§ Instructions for the task
Beginning with the line that holds "nuie CLC296BR1 Classique" and finishing with the line that holds "6 шт. TISHRIC", repeat the listing exactly, leaving every picture out.

────────────────────

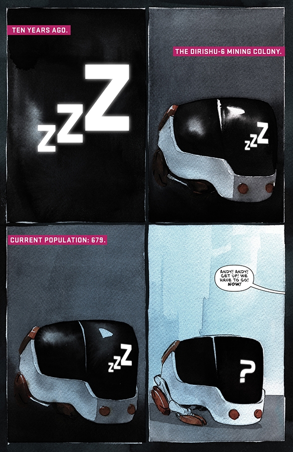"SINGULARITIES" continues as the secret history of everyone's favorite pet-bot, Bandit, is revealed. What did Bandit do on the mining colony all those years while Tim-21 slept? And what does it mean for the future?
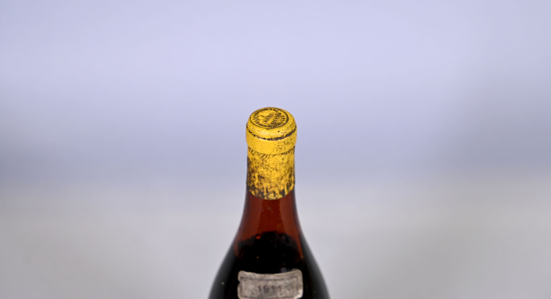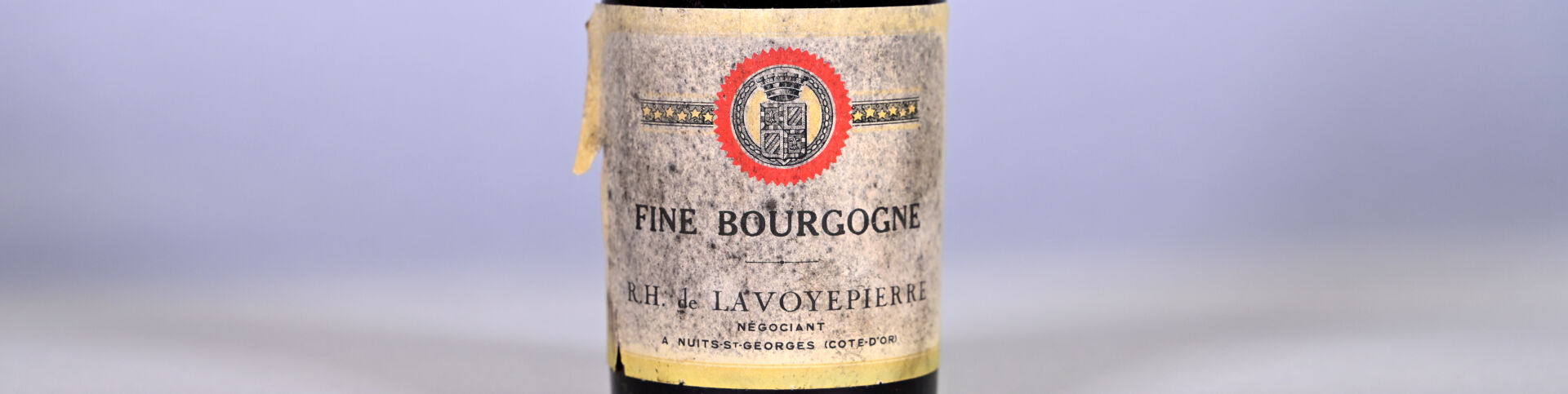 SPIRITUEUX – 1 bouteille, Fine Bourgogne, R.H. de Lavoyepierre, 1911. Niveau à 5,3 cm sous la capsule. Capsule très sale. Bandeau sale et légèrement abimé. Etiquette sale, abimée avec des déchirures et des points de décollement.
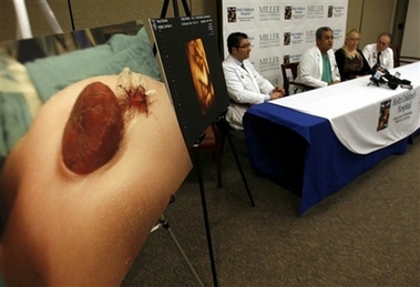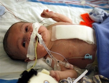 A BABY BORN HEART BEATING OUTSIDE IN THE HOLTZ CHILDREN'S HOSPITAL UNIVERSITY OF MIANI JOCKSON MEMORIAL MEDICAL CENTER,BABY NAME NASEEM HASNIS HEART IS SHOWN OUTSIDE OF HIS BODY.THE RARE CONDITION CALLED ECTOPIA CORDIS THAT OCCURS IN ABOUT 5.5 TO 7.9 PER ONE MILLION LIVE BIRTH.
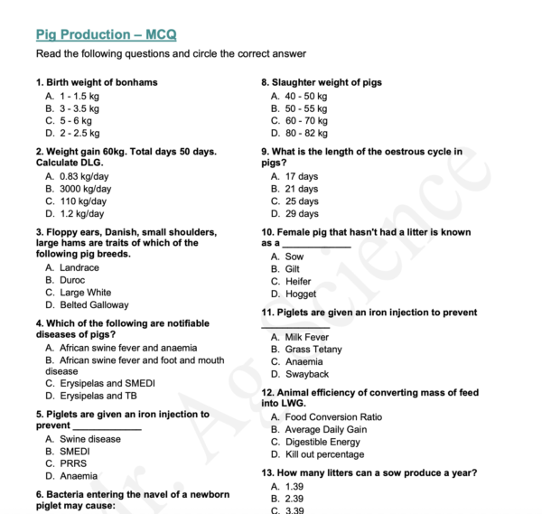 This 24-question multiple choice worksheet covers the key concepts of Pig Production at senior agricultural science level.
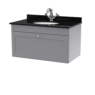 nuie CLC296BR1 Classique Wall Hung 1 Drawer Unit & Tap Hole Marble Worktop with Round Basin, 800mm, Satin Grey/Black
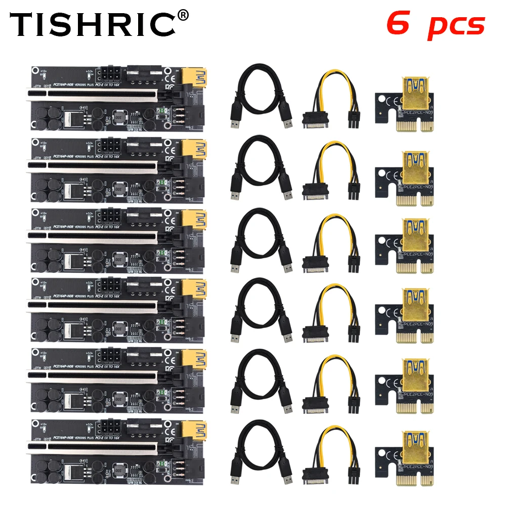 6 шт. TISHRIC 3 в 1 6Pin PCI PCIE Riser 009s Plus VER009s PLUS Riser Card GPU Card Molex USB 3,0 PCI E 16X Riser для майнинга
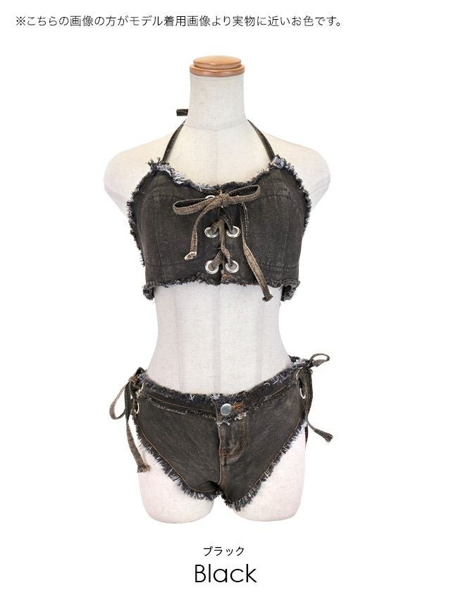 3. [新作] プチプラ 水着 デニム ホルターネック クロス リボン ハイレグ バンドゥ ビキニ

────────────────────

§ Task solution
 nuie CLC296BR1 Classique Wall Hung 1 Drawer Unit & Tap Hole Marble Worktop with Round Basin, 800mm, Satin Grey/Black
 6 шт. TISHRIC 3 в 1 6Pin PCI PCIE Riser 009s Plus VER009s PLUS Riser Card GPU Card Molex USB 3,0 PCI E 16X Riser для майнинга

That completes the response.